● **EXERCISE BRIEF**: Taking the data below, please print only the lines from the line holding "These progressive multifocal" to the line holding "2020年3月2日,國家能源", inclusive, with pictures omitted.

● **RECORDED INFORMATION**:
↓
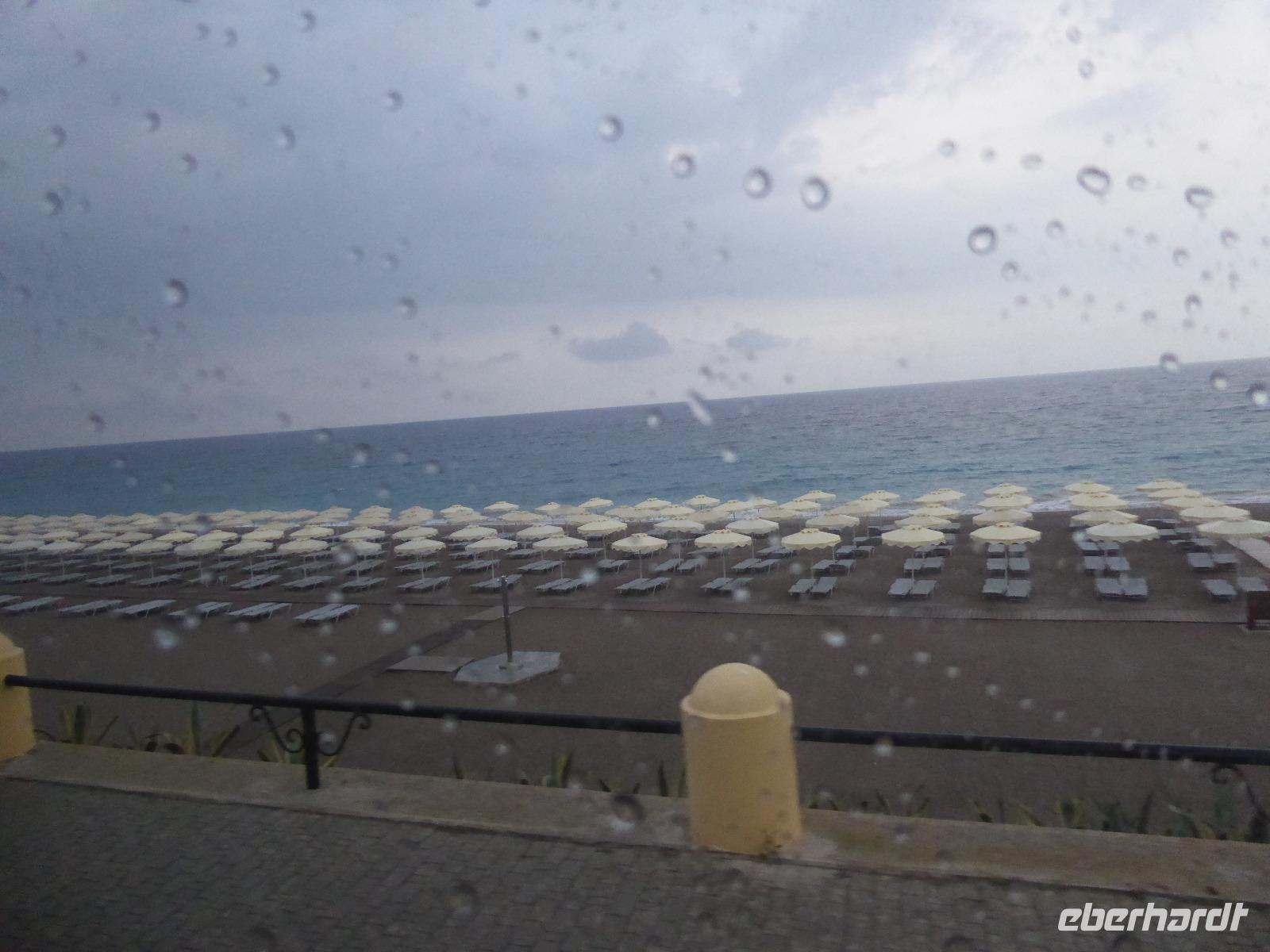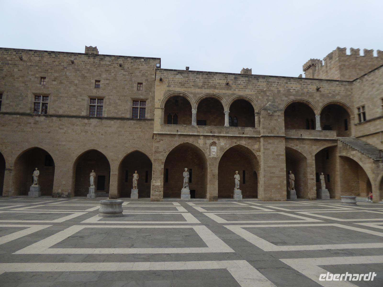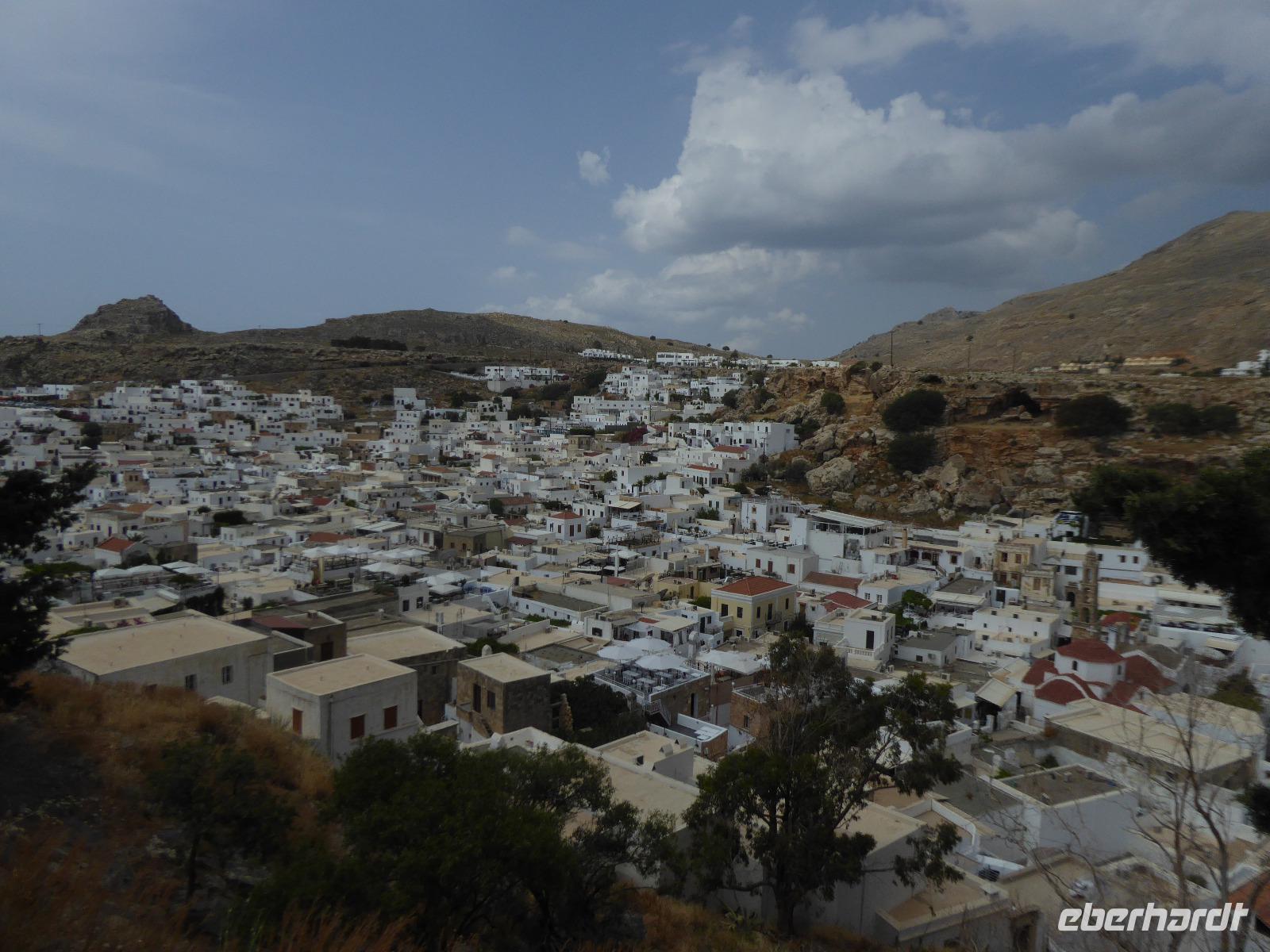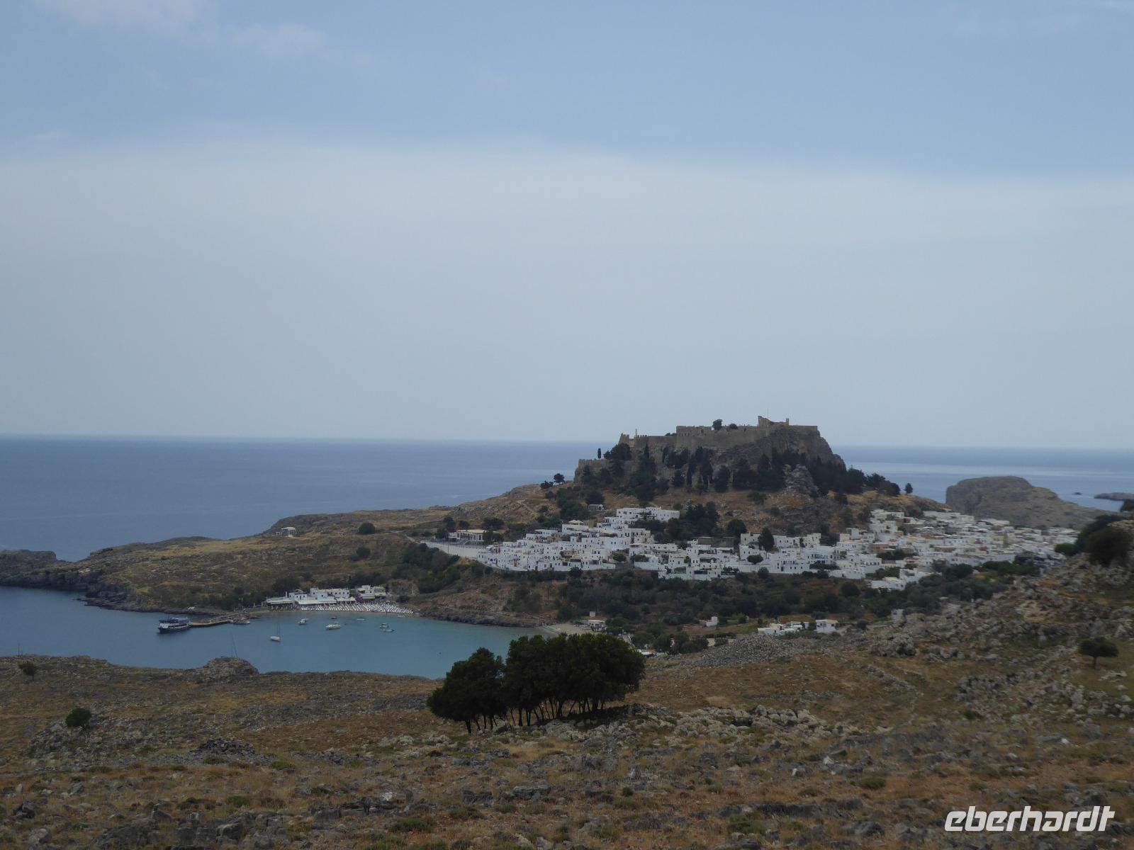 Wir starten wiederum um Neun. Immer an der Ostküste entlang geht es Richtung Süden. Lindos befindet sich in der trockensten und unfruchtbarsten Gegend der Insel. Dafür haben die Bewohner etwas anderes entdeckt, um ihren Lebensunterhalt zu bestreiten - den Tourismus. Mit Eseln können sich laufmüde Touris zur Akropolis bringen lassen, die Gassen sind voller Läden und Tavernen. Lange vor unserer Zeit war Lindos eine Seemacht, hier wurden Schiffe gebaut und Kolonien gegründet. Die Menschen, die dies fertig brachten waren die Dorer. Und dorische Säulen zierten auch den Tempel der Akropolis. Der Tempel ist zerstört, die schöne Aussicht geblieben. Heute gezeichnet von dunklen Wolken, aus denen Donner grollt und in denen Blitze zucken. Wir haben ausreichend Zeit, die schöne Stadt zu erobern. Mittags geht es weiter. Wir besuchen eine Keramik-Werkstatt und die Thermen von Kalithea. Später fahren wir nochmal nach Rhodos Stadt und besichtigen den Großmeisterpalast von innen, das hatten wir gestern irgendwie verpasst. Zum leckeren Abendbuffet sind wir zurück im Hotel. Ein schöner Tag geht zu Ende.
↑
↓
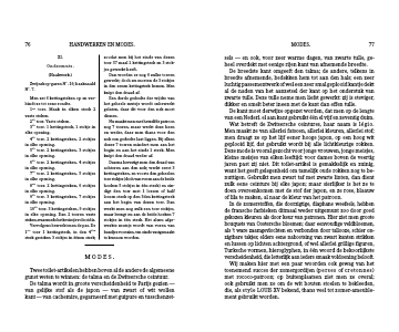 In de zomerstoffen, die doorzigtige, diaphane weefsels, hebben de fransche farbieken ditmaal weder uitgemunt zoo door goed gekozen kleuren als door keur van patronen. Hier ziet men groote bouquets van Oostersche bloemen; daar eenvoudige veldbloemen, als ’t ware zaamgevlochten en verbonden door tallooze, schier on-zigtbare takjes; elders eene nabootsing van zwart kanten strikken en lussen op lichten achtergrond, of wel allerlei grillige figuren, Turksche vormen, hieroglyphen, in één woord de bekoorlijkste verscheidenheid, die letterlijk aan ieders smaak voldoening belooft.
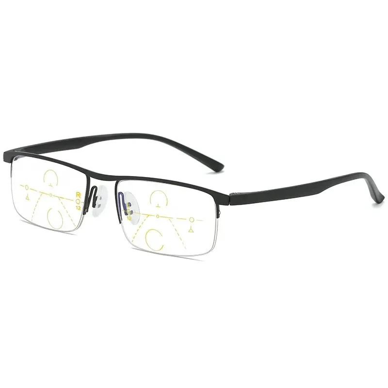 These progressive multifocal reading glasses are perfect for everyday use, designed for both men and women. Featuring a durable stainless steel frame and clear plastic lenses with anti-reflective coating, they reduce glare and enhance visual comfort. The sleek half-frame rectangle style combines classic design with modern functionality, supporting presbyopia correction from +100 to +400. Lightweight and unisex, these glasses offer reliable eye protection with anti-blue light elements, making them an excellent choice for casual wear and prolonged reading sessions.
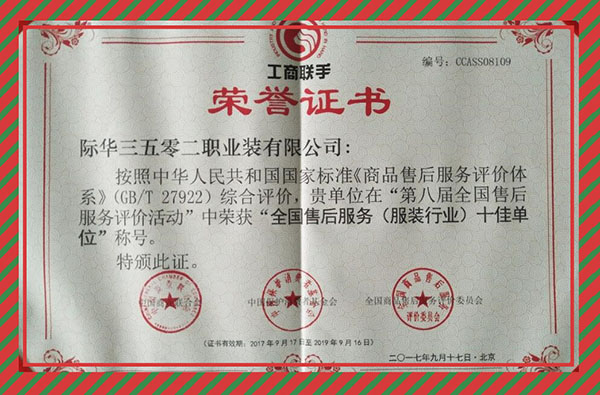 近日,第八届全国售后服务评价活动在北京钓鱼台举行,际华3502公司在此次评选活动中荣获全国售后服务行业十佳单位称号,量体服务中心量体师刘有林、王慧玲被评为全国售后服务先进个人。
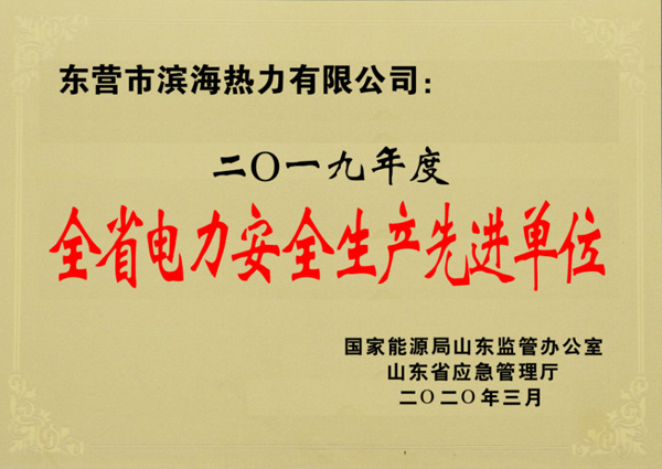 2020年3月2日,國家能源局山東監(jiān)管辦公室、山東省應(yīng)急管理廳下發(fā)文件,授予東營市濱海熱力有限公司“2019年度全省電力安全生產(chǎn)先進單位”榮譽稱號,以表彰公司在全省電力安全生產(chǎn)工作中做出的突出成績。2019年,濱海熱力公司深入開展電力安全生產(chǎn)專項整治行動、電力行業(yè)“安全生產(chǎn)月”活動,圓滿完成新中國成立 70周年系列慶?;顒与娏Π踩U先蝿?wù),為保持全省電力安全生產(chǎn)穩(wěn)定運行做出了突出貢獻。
↑
↓
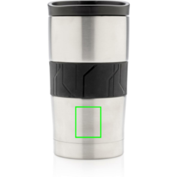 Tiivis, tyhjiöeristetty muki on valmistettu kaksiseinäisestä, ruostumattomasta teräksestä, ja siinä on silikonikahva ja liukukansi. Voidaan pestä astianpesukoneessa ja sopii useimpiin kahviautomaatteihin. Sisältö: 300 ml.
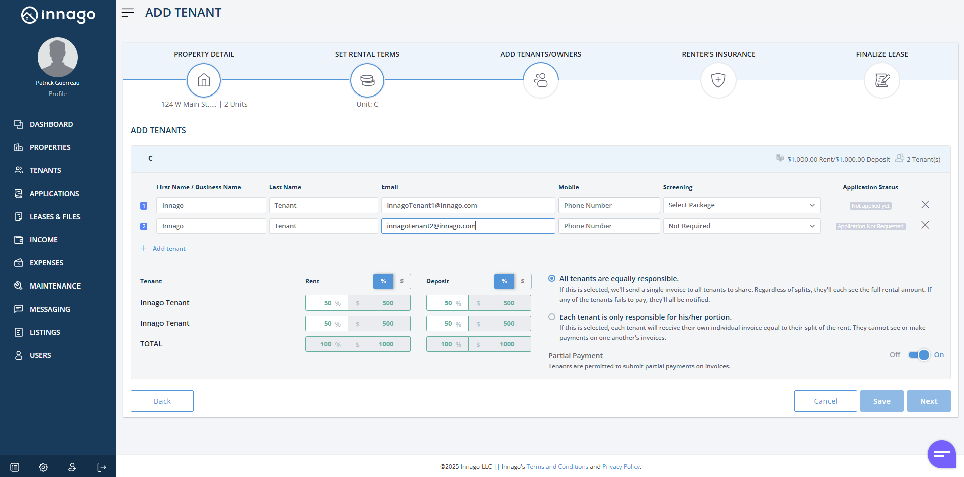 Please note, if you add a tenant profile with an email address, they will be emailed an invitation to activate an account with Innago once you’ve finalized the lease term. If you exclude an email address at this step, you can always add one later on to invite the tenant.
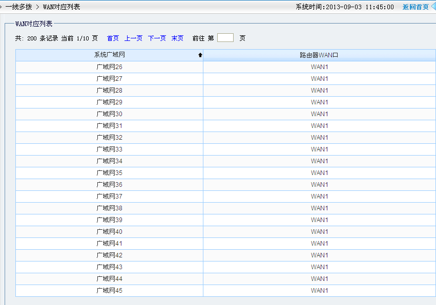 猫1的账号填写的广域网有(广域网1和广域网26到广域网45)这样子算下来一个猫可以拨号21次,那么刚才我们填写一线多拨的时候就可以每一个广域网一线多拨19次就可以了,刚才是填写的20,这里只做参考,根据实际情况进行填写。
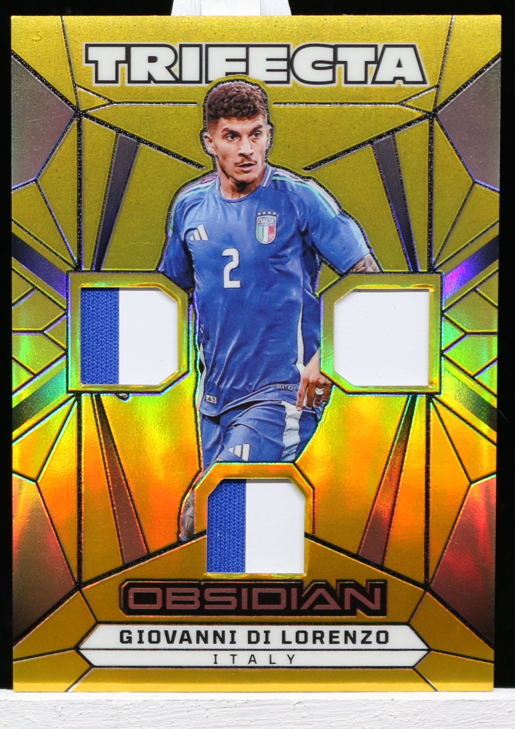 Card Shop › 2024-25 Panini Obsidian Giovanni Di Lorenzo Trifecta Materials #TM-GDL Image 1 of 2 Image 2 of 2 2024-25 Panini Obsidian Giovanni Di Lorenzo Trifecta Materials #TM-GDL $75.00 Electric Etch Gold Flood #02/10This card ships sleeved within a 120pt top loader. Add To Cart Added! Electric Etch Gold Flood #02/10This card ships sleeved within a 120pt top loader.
↑
● **RESULT OF THE TASK**:
 These progressive multifocal reading glasses are perfect for everyday use, designed for both men and women. Featuring a durable stainless steel frame and clear plastic lenses with anti-reflective coating, they reduce glare and enhance visual comfort. The sleek half-frame rectangle style combines classic design with modern functionality, supporting presbyopia correction from +100 to +400. Lightweight and unisex, these glasses offer reliable eye protection with anti-blue light elements, making them an excellent choice for casual wear and prolonged reading sessions.
 近日,第八届全国售后服务评价活动在北京钓鱼台举行,际华3502公司在此次评选活动中荣获全国售后服务行业十佳单位称号,量体服务中心量体师刘有林、王慧玲被评为全国售后服务先进个人。
 2020年3月2日,國家能源局山東監(jiān)管辦公室、山東省應(yīng)急管理廳下發(fā)文件,授予東營市濱海熱力有限公司“2019年度全省電力安全生產(chǎn)先進單位”榮譽稱號,以表彰公司在全省電力安全生產(chǎn)工作中做出的突出成績。2019年,濱海熱力公司深入開展電力安全生產(chǎn)專項整治行動、電力行業(yè)“安全生產(chǎn)月”活動,圓滿完成新中國成立 70周年系列慶?;顒与娏Π踩U先蝿?wù),為保持全省電力安全生產(chǎn)穩(wěn)定運行做出了突出貢獻。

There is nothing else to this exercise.